▶ _Available records_

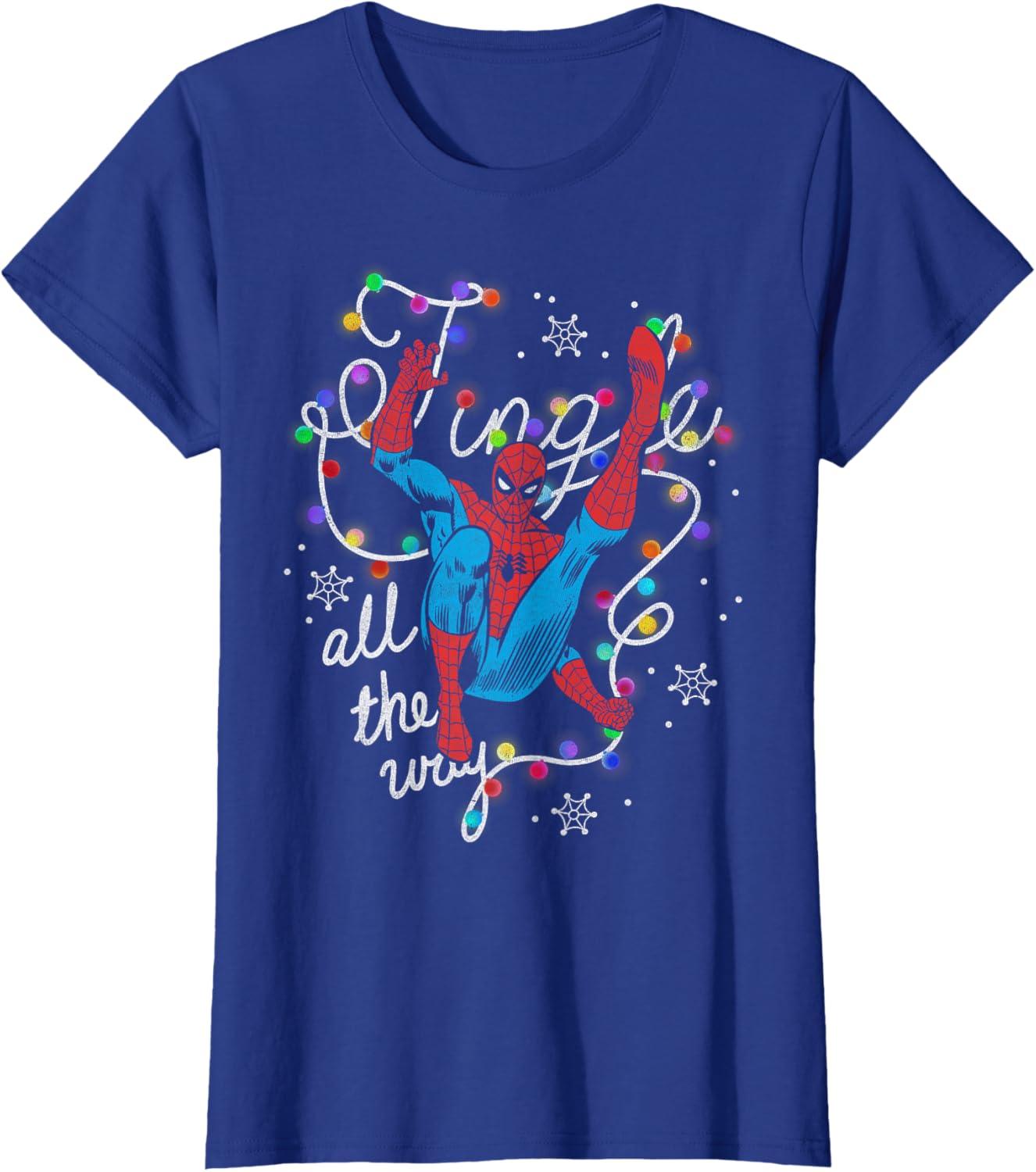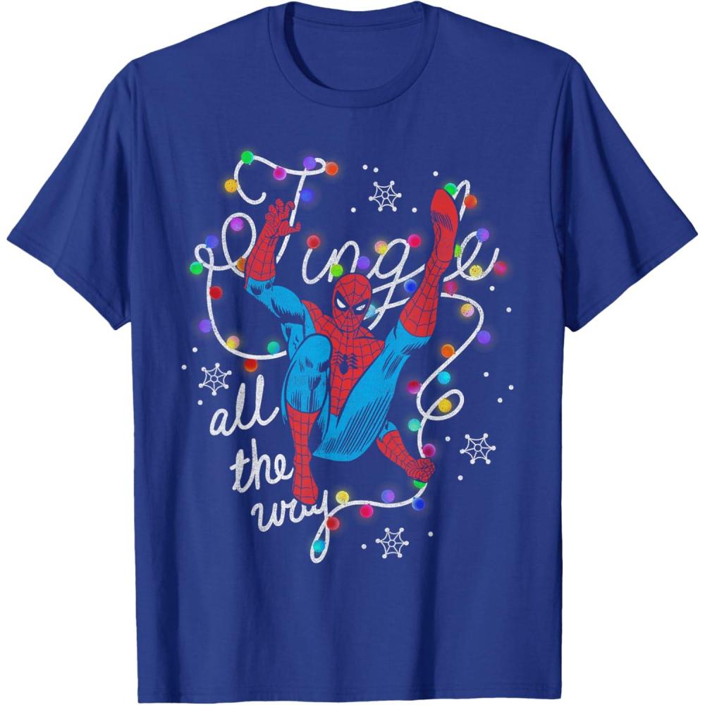 Marvel Christmas Spider-Man Jingle All The Way Action Pose T-Shirt(Royal Blue)
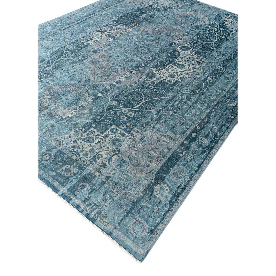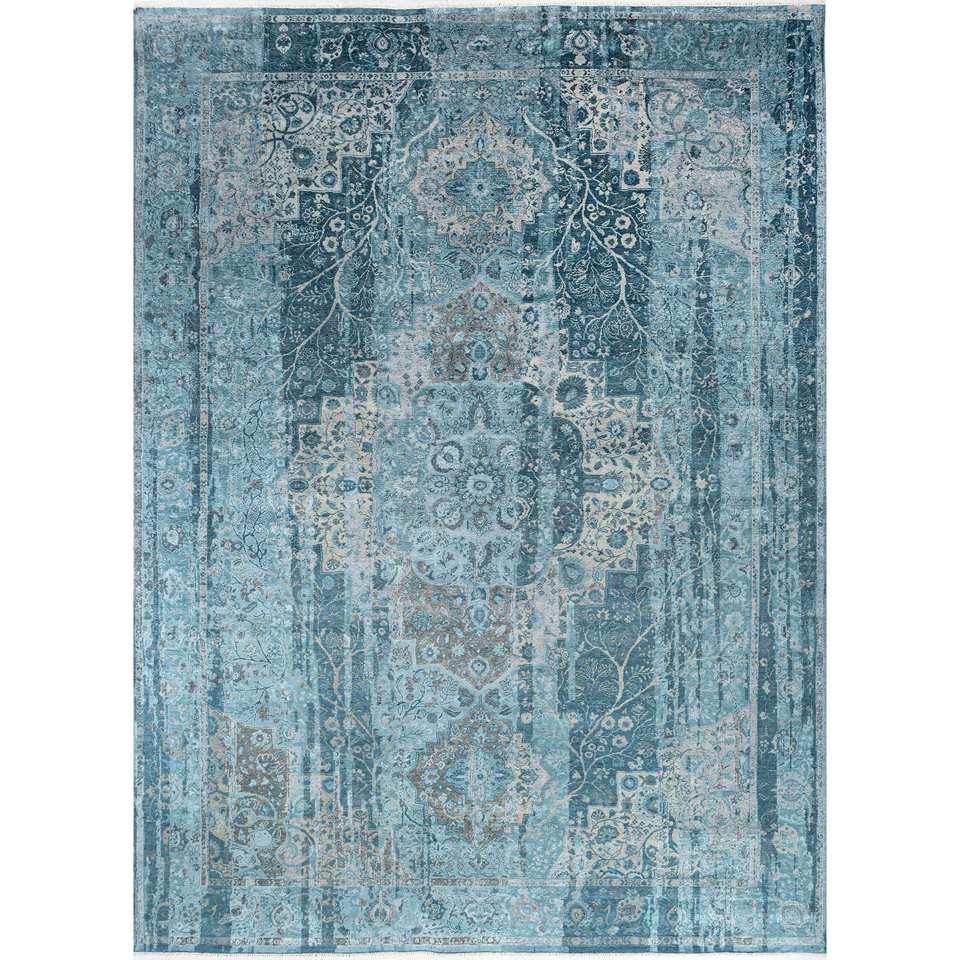 Alfombras de Seda Anudadas a Mano Gulmarg con Patrón de Medallón Azul para Decoración de Sala de Estar, Alfombra Rectangular de 9x12 para Pasillo, Patchwork Skps-217
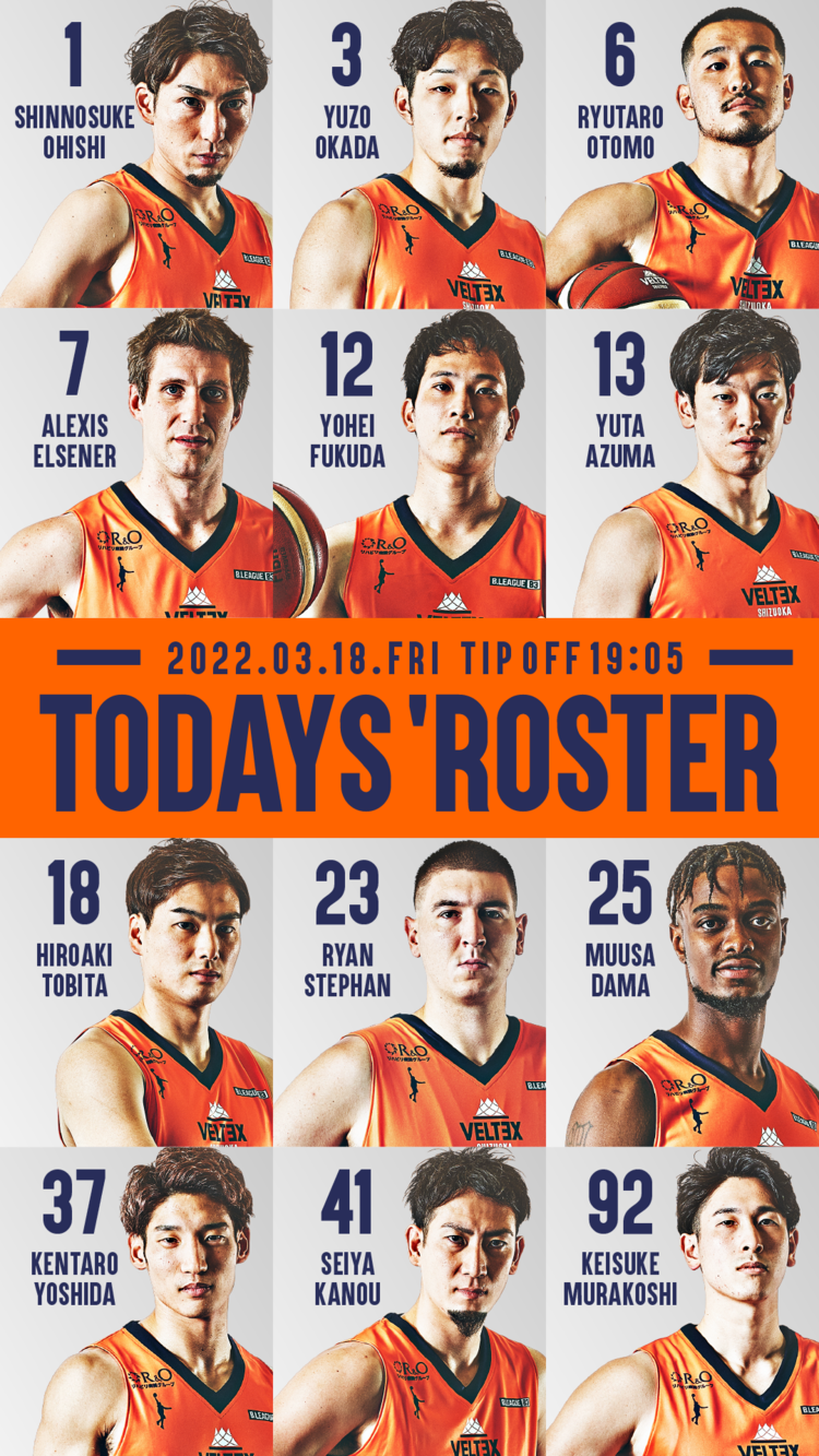 #1 大石慎之介、#3 岡田雄三、#6 大友隆太郎、#7 アレクシス・エールセネル、#12 福田陽平、#13 東祐太、#18 飛田浩明、#23 ライアン・ステファン、#25 ムッサ・ダマ、#37 吉田健太郎、#41 加納誠也、#92 村越圭佑
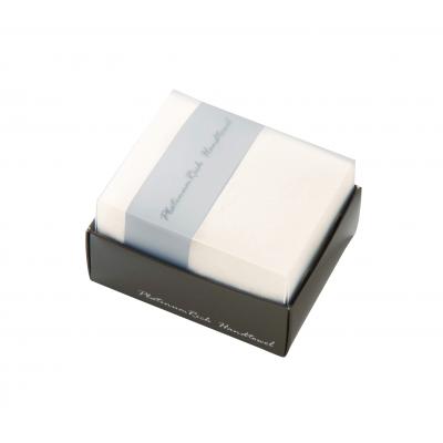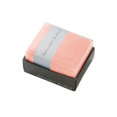 本体カラーはホワイトとピンクの二種類で、心地よい肌触りで毎日使いたくなるハンドタオルです。高級感のある化粧箱入りで、特別なお客様への贈答品やキャンペーン特典としても最適です。
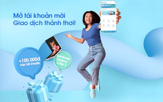 Khách hàng mở tài khoản trực tuyến, sẽ nhận được phần quà 100.000 đồng, chuyển trực tiếp vào tài khoản thanh toán và còn có cơ hội nhận điện thoại Samsung Galaxy Z Flip 3.
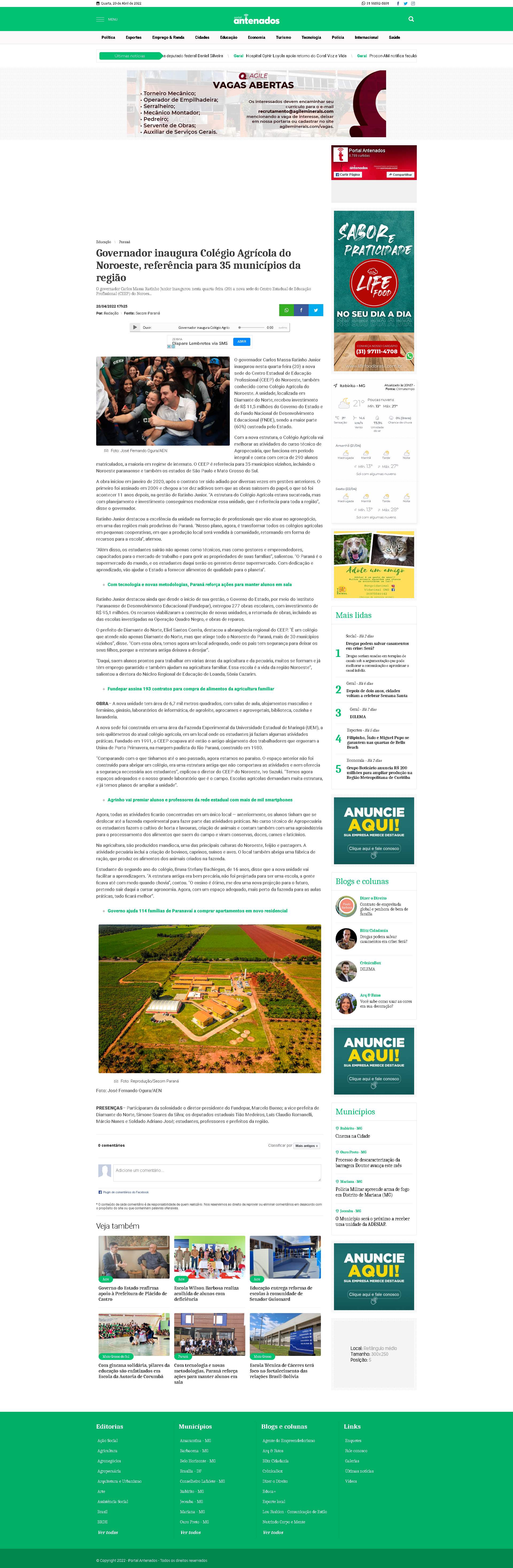 governador Carlos Massa Ratinho Junior inaugurou nesta quarta-feira (20) a nova sede do Centro Estadual de Educação Profissional (CEEP) do Noroeste, também conhecido como Colégio Agrícola do Noroeste. A unidade, localizada em Diamante do Norte, recebeu investimento de R$ 11,5 milhões do
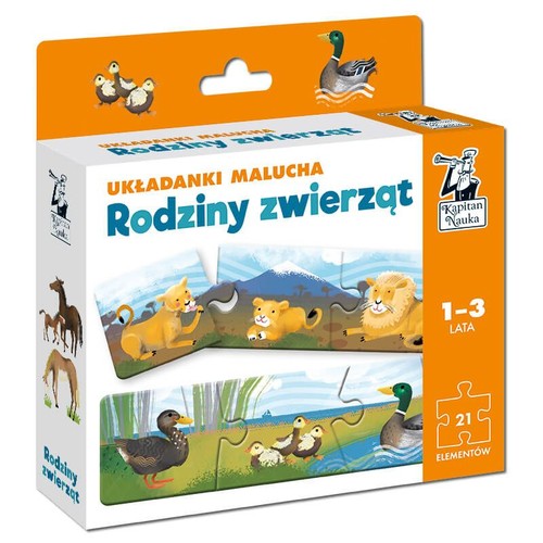 Zestaw Rodziny zwierząt. Układanki malucha"" (13 lata) zawiera 7 trzyelementowych puzzli przedstawiających zwierzęta i ich rodziców, którzy zamieszkują różne miejsca na Ziemi: sawannę, lasy, przydomowe ogródki czy gospodarskie zagrody. Podczas zabawy z puzzlami maluchy rozwijają wiedzę o świecie, a dzięki próbom dopasowywania do siebie elementów doskonalą koordynację oko-ręka.
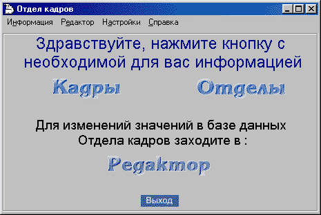 Автоматична система керування "Відділ кадрів" для ВАТ "Перетворювач" функціонує під керуванням операційної системи Windows 95/98/NТ/2000/XP. Для роботи з нею необхідно засобами Windows 95/98/NТ запустити програму "Отдел кадров" на виконання На екрані з'явиться головне вікно програми із заголовком система "Отдел кадров" (рисунок 2).
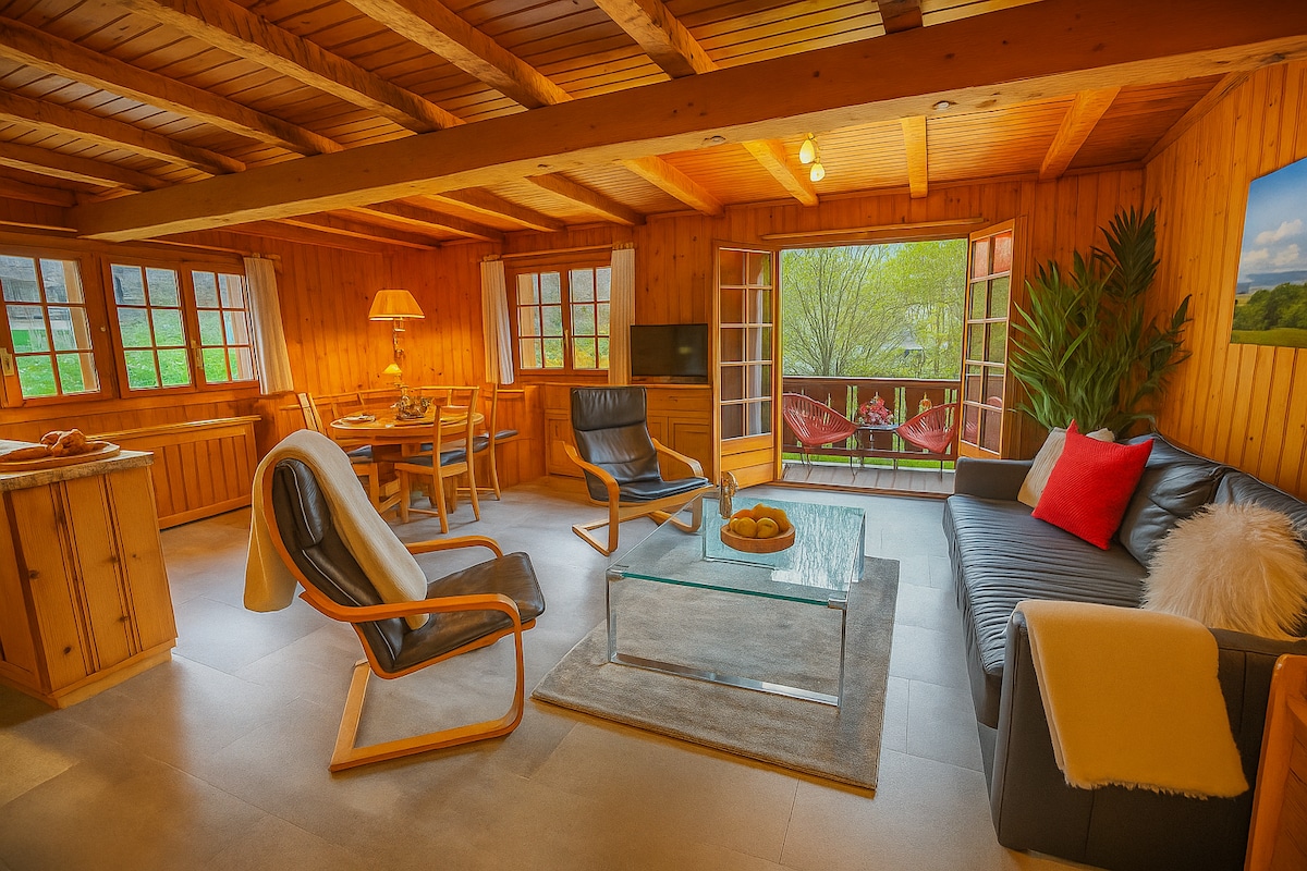 Ця квартира складається з: - Красива вітальня (спальня/вітальня) з 2 кріслами для відпочинку - Обладнана кухня:2 плити, кухонне приладдя, гриль для мікрохвильової печі, чайник, кавоварка,міні-холодильник із морозильною камерою,посуд і столові прибори, набір раклету для 2 осіб - Душова кімната з туалетом - Окремий доступ - паркувальне місце Наявність гаража/кімнати з опаленням для зберігання лиж, черевиків, велосипедів, лижного одягу тощо.
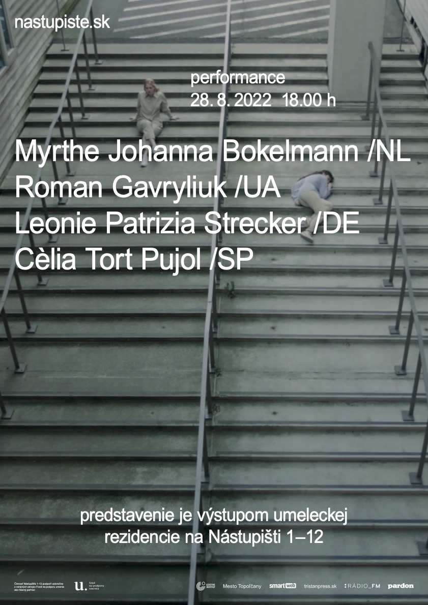 Myrthe Bokelmann,holandská umelkyňa absolventka magisterského štúdia súčasného tanca v Artesis Antwerp, Belgicku, tvorí performatívne predstavenia a site specific diel.
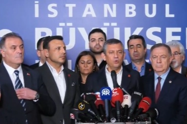 Cumhuriyet Halk Partisi (CHP) Genel Başkanı Özgür Özel, İstanbul Büyükşehir Belediyesi ziyaretinin ardından basın açıklaması yaptı. Ekrem İmamoğlu'nun gözaltına alınmasına tepki gösteren Özel, "Bu ülkenin umudunu çalmak isteyenler, geleceğini çalmak isteyenler, yargı eliyle uzun süredir başlatmış oldukları tacizlerini bugün en hadsiz evresine getirdiler. Günün ilk saatleri ile birlikte 16 milyon İstanbulluya hizmet etmek için İstanbullular tarafından 3 kez üst üste görevlendirilmiş Büyükşehir Belediye Başkanımız Ekrem İmamoğlu ve 106 arkadaşımız, çağrıldıklarında gidecekleri bir yere suçlularmış gibi o kötü fotoğrafları vererek, çalınan kapıların açılması beklenmeden, duvarların üzerinden atlayarak, karşısındaki her şeyi yıkarak ayıplı bir muameleyle götürüldüler. Yapılan iş bir darbe girişimidir" ifadelerini kullandı. Özel, "Recep Tayyip Erdoğan milletin verdiği mesajı almamıştır. Yenilmeyi kabullenememiştir. Güya yenilmezdi. 31 Mart'ta ilk kez kaybetti" ifadelerini kullandı. "Demokrasi treninden indi, darbecilerin safına katıldı" Konuşmasında Cumhurbaşkanı Erdoğan'ın eleştiren Özgür Özel, "Demokrasi treninden indi, darbecilerin safına o istasyonda katıldı. İndiği istasyonda 15 temmuz darbecileri vardı, Kenan Evren vardı, Türkiye Cumhuriyeti'nde darbeye kalkışmış herkes vardı. Artık onların yol arkadaşıdır. Bu yüzden tercihi bir kez daha milletin karşısına devleti dikmek olmuştur. Bu millet devletini sever, saygı duyar, çağırır askere gider, ister vergi verir, evladını şehit verir ama devlet milletin karşısına dikilirse millet kazanır. Daha önce Kenan Evren ‘geç bu kişiyi seç' dediğinde onun dediğini değil bir sivil adayı seçen bu milletin, 15 Temmuz'da o meczuplar ordusuna karşı sandığın seçtiklerin koruyan bu millet, karşısına devleti diken Erdoğan'a karşı yine kazanacaktır. Bu millet bütün kazanımlarını camisinden özgürce okunan ezanın da, dalgalanan ay yıldızı bayrağın da, kendisini tüm özgürlüklerinin de, elindeki tapusunun da diplomasının da, cumhuriyet ve onun var ettiği sandık güvencesinde olduğunu bilir" diye konuştu. "Buyurun Saraçhaneye" Saraçhane'de toplanma çağrısında bulunan Özgür Özel, "Ekrem başkan hakim karşısına çıkana kadar, Ekrem başkanın hepimize emaneti İBB'ye sahip çıkacağız. Buradayız bir yere ayrılmıyoruz. Dayanışma ziyaretlerini de burada kabul edeceğiz. Milletin emanetine sonuna kadar sahip çıkan bir belediye başkanına, bir belediye meclisine ve İstanbul'un iradesine katkı sağlamak için saraçhanedeyim. Nerede olalım diye soranlara ‘buyurun Saraçhaneye' diyoruz" açıklamalarında bulundu. "Dayanışma sandığı kuracağız" Pazar günü partisi tarafından yapılacak Cumhurbaşkanlığı belirleme seçimini gerçekleştireceklerini vurgulayan Özel, "Pazar günü 81 ilde 973 ilçede ilçelerin mahallelerinde kurulacak sandılar tek değildir. Oraya bir sandık koyacağız. 1 milyon 750 bin üyemizle adayımızı belirleyeceğiz. Yanında bir sandık daha olacak. O sandığın adı dayanışma sandığıdır. O sandığa oy vermeye tüm siyasi partilerden, tüm siyasi görüşlerden herkes davetlidir" dedi.

▶ _What is required_
Working from the records above, set down word for word everything from the line containing "#1 大石慎之介、#3 岡田雄三、#6" down to the line containing "本体カラーはホワイトとピンク", ends included, minus the pictures.

▶ _Answer below_
 #1 大石慎之介、#3 岡田雄三、#6 大友隆太郎、#7 アレクシス・エールセネル、#12 福田陽平、#13 東祐太、#18 飛田浩明、#23 ライアン・ステファン、#25 ムッサ・ダマ、#37 吉田健太郎、#41 加納誠也、#92 村越圭佑
 本体カラーはホワイトとピンクの二種類で、心地よい肌触りで毎日使いたくなるハンドタオルです。高級感のある化粧箱入りで、特別なお客様への贈答品やキャンペーン特典としても最適です。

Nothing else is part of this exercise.